The Theology course I teach 11th-graders is called "Sacraments and Theology," and it focuses on two seemingly disconnected areas but that are fundamental to an understanding of Catholic theology.  Our courses at the school I teach follow a structure similar to many other conventional Catholic education curriculum programs - one year is Jesus and the Scriptures, the next is Jesus Christ and His Church, third is mine, Sacraments and Theology, and the fourth year is a course on Catholic social teaching. When we were in our department meeting on Thursday, a realization hit me - those four courses are designed around the four major documents of Vatican II.  Those four documents, known as Constitutions, are centered on these four aspects.  For the first course, Christ in the Scriptures, the focal document would be Dei Verbum.  For Christ and His Church, it would be Lumen Gentium.  For my course, Sacraments and Theology, it would be Sacrosanctum Concilium.  Finally, for the fourth-year Catholic social teaching course, the document Gaudium et Spes.  When you start thinking of Catholic theological education that way, then you see how it fits together.  This is actually a lesson I want to give my kids tomorrow as a matter of fact as a sort of introduction to the course.  Even as I write this now my wheels are turning as to how to present it, and it's actually kind of an epiphany moment for me.  The Dogmatic Constitutions of Vatican II, in essence, did not change Church teaching on anything - it just created a digestible framework that even the layperson could appreciate.  So, despite if someone is a TLM traditionalist or a more modern-thinking progressive Catholic, this is still the framework that is supposed to govern them theologically.  Now, I am ready to teach that tomorrow!

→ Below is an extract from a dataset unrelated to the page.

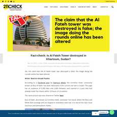 1. The claim that the Al Fateh tower in Khartoum, Sudan was destroyed is false; the image circulating online has been altered.
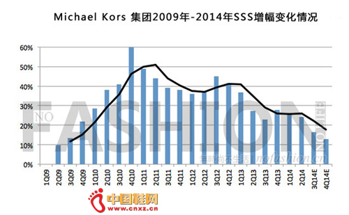2014年对于零售行业,特别是时尚产业来说可谓是“寒冬中的黑夜”,欧美经济复苏缓慢;厄尔尼诺造成的暖冬;中国经济放缓及反腐;香港、乌克兰、东南亚等地地缘政治紧张情绪;上述情况带来的旅游消费减少等诸多因素给本来陷入困难中的行业带来格外沉重的打击。因此Michael Kors将二季度及三季度的同店销售放缓归功于“商场人流减少”、“消费情绪低迷”可以说是一种事实表达,但是……问题来了,上述两个理由已经不仅仅出现先本季度了,甚至不仅仅出现在本财年了,同样的理由也许可以用来解释Coach蔻驰的问题,其实Coach蔻驰要更惨,Coach蔻驰的SSS不要说增长放缓了,几个季度以来一直是双位数下跌。但是行业分析师不可能用评价Coach蔻驰的标准来评价Michael Kors,因此Coach蔻驰的北美SSS尽管暴跌24%但是业绩胜预期华尔街就会对其追捧;相反Michael Kors尽管业绩超预期,但是只要毛利率或者SSS任何地方出现一点问题,股价就会出现恐慌或者报复性下跌,这是华尔街和投资者的逻辑。这种逻辑在投行的报告中也得到体现,Goldman Sachs高盛分析师Lindsay Drucker Mann的报告就表示,行业放缓导致不得不降低对Michael Kors的增长预期,但是Michael Kors等新一代轻奢品牌仍在崛起Coach 蔻驰流失的份额。投行Jefferies LLC分析师Randal Konik甚至表示股价下跌可以让跟多投资者入市,一旦欧洲市场呈规模则会催化品牌。同样的情况,BMO Capital Markets分析师John Morris得出的结论是Michael Kors的欧洲增长不足以抵消品牌北美减速,因为北美市场的份额占足8成。上述投行也各自对Michael Kors的股票评级进行了相应调整。

Those were just a few insights I had that I wanted to share from today, and hopefully for my fellow educators reading this - anyone from the volunteer parish catechist to the university professor - it will prove valuable in some way.  Perhaps some can even refine the idea a bit, and that may catch something I could be missing also.  Any rate, with a busier schedule now, I will not be writing as prolifically as I did during the summer, but perhaps a weekly insight will still be possible.  Thanks again for allowing me to ramble, and I will see you next time!  

Saturday, August 23, 2025

Forgetfulness: Blessing or Curse?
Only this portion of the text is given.